Suddenly change just like the described T442-C442 base mutation of sequence table SEQ ID NO:2 and a G626-T626 in the pig TRHR Gene Partial dna sequence dna that is obtained.Based on tetra primers ARMS-PCR method principle design and optimize the fast typing technology be used for detecting two sudden changes of sequence table SEQ ID NO:2 and specifically see the embodiment part.
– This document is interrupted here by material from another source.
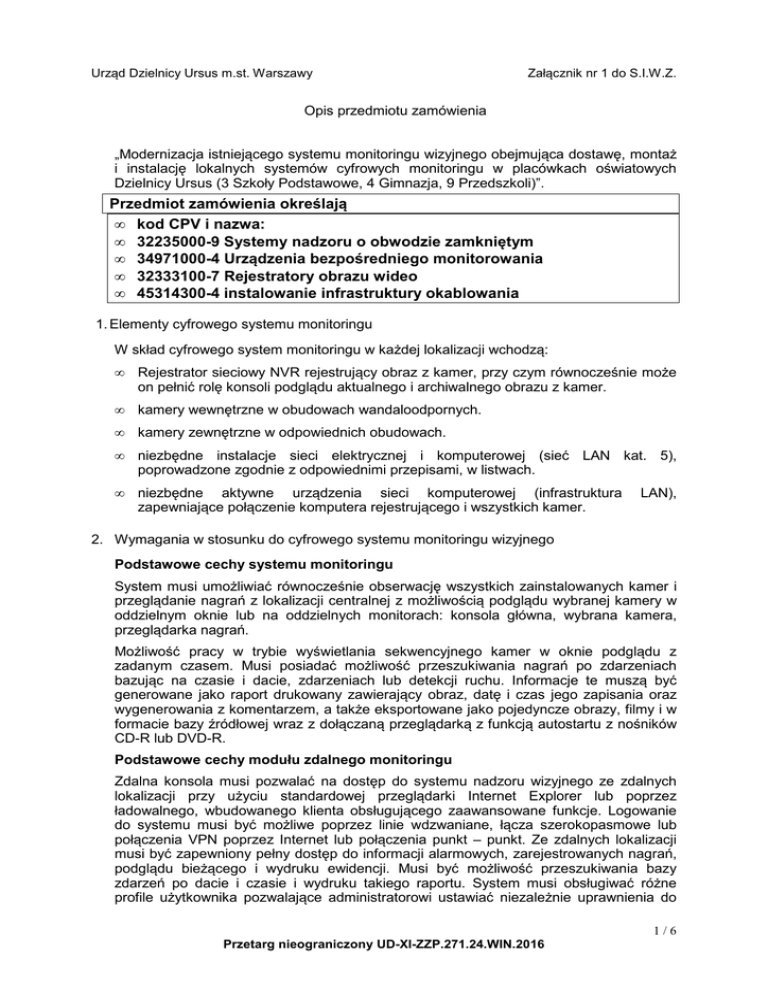 Urząd Dzielnicy Ursus m.st. Warszawy Załącznik nr 1 do S.I.W.Z. Opis przedmiotu zamówienia „Modernizacja istniejącego systemu monitoringu wizyjnego obejmująca dostawę, montaż i instalację lokalnych systemów cyfrowych monitoringu w placówkach oświatowych Dzielnicy Ursus (3 Szkoły Podstawowe, 4 Gimnazja, 9 Przedszkoli)”. Przedmiot zamówienia określają • kod CPV i nazwa: • 32235000-9 Systemy nadzoru o obwodzie zamkniętym • 34971000-4 Urządzenia bezpośredniego monitorowania • 32333100-7 Rejestratory obrazu wideo • 45314300-4 instalowanie infrastruktury okablowania 1. Elementy cyfrowego systemu monitoringu W skład cyfrowego system monitoringu w każdej lokalizacji wchodzą: • Rejestrator sieciowy NVR rejestrujący obraz z kamer, przy czym równocześnie może on pełnić rolę konsoli podglądu aktualnego i archiwalnego obrazu z kamer. • kamery wewnętrzne w obudowach wandaloodpornych. • kamery zewnętrzne w odpowiednich obudowach. • niezbędne instalacje sieci elektrycznej i komputerowej (sieć LAN kat. 5), poprowadzone zgodnie z odpowiednimi przepisami, w listwach. • niezbędne aktywne urządzenia sieci komputerowej (infrastruktura zapewniające połączenie komputera rejestrującego i wszystkich kamer. LAN), 2. Wymagania w stosunku do cyfrowego systemu monitoringu wizyjnego Podstawowe cechy systemu monitoringu System musi umożliwiać równocześnie obserwację wszystkich zainstalowanych kamer i przeglądanie nagrań z lokalizacji centralnej z możliwością podglądu wybranej kamery w oddzielnym oknie lub na oddzielnych monitorach: konsola główna, wybrana kamera, przeglądarka nagrań. Możliwość pracy w trybie wyświetlania sekwencyjnego kamer w oknie podglądu z zadanym czasem. Musi posiadać możliwość przeszukiwania nagrań po zdarzeniach bazując na czasie i dacie, zdarzeniach lub detekcji ruchu. Informacje te muszą być generowane jako raport drukowany zawierający obraz, datę i czas jego zapisania oraz wygenerowania z komentarzem, a także eksportowane jako pojedyncze obrazy, filmy i w formacie bazy źródłowej wraz z dołączaną przeglądarką z funkcją autostartu z nośników CD-R lub DVD-R. Podstawowe cechy modułu zdalnego monitoringu Zdalna konsola musi pozwalać na dostęp do systemu nadzoru wizyjnego ze zdalnych lokalizacji przy użyciu standardowej przeglądarki Internet Explorer lub poprzez ładowalnego, wbudowanego klienta obsługującego zaawansowane funkcje. Logowanie do systemu musi być możliwe poprzez linie wdzwaniane, łącza szerokopasmowe lub połączenia VPN poprzez Internet lub połączenia punkt – punkt. Ze zdalnych lokalizacji musi być zapewniony pełny dostęp do informacji alarmowych, zarejestrowanych nagrań, podglądu bieżącego i wydruku ewidencji. Musi być możliwość przeszukiwania bazy zdarzeń po dacie i czasie i wydruku takiego raportu. System musi obsługiwać różne profile użytkownika pozwalające administratorowi ustawiać niezależnie uprawnienia do 1/6 Przetarg nieograniczony UD-XI-ZZP.271.24.WIN.2016 Urząd Dzielnicy Ursus m.st. Warszawy Załącznik nr 1 do S.I.W.Z. poszczególnych kamer i definiować różnorodne układy widoków. Zdalny klient musi umożliwiać równoczesną obsługę podglądu strumieni MJPEG. Cyfrowy system monitoringu wizyjnego musi charakteryzować się następującymi cechami (lub lepszymi): 1. Możliwość zapisu nagrań oraz odtwarzania zapisu z co najmniej 25 kamer na jednym stanowisku rejestrującym (konsoli). 2. Skalowalność systemu – rozbudowa z krokiem co 1 kamerę 3. Zwiększanie szybkości odświeżania (fps) w przypadku wykrycia ruchu (VMD) lub zdarzenia. 4. Definiowanie alarmów: przed i po dla detekcji ruchu oraz dla zdarzeń. 5. Prędkość zapisu: do 25 klatek/s na kamerę. 6. Rejestracja obrazów w standardzie MJPEG. 7. Powiadamianie o zdarzeniach poprzez dźwięk, 8. Możliwość podglądu z wykorzystaniem trybu wielomonitorowego. 9. Praca w architekturze klient-serwer 10. Ciągłe przeszukiwanie wg czasu, daty lub aktywności / alarmu. 11. Ciągłe odtwarzanie nagrań w realnym czasie. 12. Eksport nagrań wideo w formacie filmu (np. AVI), obrazów (np. JPEG) i w formacie wewnętrznym z dołączonym programem do przeglądania. 13. W pełni konfigurowalna detekcja ruchu (VMD) w czasie rzeczywistym z obsługą wyłączeń obszarów z detekcji dla każdej kamery. 14. Automatyzacja czasu pracy kamer poprzez kalendarz z dokładnością do 5 minut lub poprzez zdarzenia. 15. Podgląd alarmowy nagrań w wydzielonym oknie pozwalający na szybszy dostęp do zapisanych nagrań alarmowych. 16. Wielopoziomowe zabezpieczenie hasłem i logowaniem. 17. Obsługa wejść i wyjść przekaźnikowych pozwalająca na zdalną kontrolę np. wejść i bram. 18. Konfigurowanie dostępu dla użytkowników zdalnych do kamer i funkcjonalności systemu. 19. Zdalny dostęp do nagrań i bieżącego podglądu z kamer poprzez wbudowanego w system zdalnego klienta. 20. Zdalny eksport nagrań (podobnie jak na konsoli). 21. Możliwość podglądu obrazu z kamery niezależnie od systemu funkcjonującego na konsoli (nie poprzez zdalnego klienta). 22. Różne poziomy kompresji dla zdalnego podglądu na żywo i nagrań. 23. Zdalna kontrola wyjść sygnałowych. 24. Drukowanie dokumentacji raportowej zdalnie i centralnie. 25. Inteligentne wyszukiwanie 26. Możliwość zarządzania wszystkimi kamerami zainstalowanymi w systemie za pomocą jednej aplikacji (diagnostyka, aktualizacja oprogramowania) Kamera wewnętrzna: 1. Kamera stacjonarna IP o rozdzielczości min. 2 MP z zasilaczem 2. Przetwornik ½.8´´ Skanowanie progresywne CMOS 3. Obiektyw min. 4.0 mm/F2.0 4. Min. oświetlenie 0,01 Lux @(F1.2, AGC wł.), 0 Lux przy wł. IR; 0,028 Lux @(F2.0, AGC wł.), 0 Lux przy wł. IR, 5. Migawka – 1/3 s-1/100,000s 6. Wbudowana detekcja ruchu (VMD) 7. Cyfrowa redukcja szumów 3D DNR, 8. Szeroki zakres dynamiki Digital WDR, 9. Regulacja kąta widzenia: panorama 0°- 355°, pochylenie 0°

Clone of molecule marker and preparation method thereof carries out according to following steps among the present invention:
(1) utilizes that known pig TRHR partial dna sequence (959bp) and people TRHR gene DNA sequence and mRNA sequence compare in the GeneBank database, obtain pig TRHR gene the 2nd exon partial sequence; The design 3 ' RACE primer, wherein pig TRHR gene specific primer sequence shown in SEQ IDNO:4 and SEQ ID NO:5,
Upstream outer primer: GGTGTCTTTTATGTTGTGCCAAT
Upstream inner primer: TCAACAGCACAGTATCTTCAAGG
Extract the pig pituitary total tissue RNA; 3 ' RACE pcr amplification and purifying reclaim product, clone and order-checking; Obtain as the described sequence of SEQ ID NO:1 by sequential analysis.According to this sequences Design a pair of primer, can increase from the pig pituitary tissue cDNA one long is 1256bp, the PCR product of coding pig trh receptor albumen complete sequence, this product can be applicable to the animal genetic engineering field; The primer sequence is shown in SEQ ID NO:6 and SEQ ID NO:7:
Upstream primer: TTTCAGAGAAACCTCAAGCCACT
Downstream primer: TCTTTGTCATACATTTTCTTCTACTC
The pcr amplification condition is: 94 ℃ of pre-sex change 3min; 94 ℃ of 30s, 58 ℃ of 45s, 72 ℃ of 1min 30s, 40 circulations; 72 ℃ are extended 10min.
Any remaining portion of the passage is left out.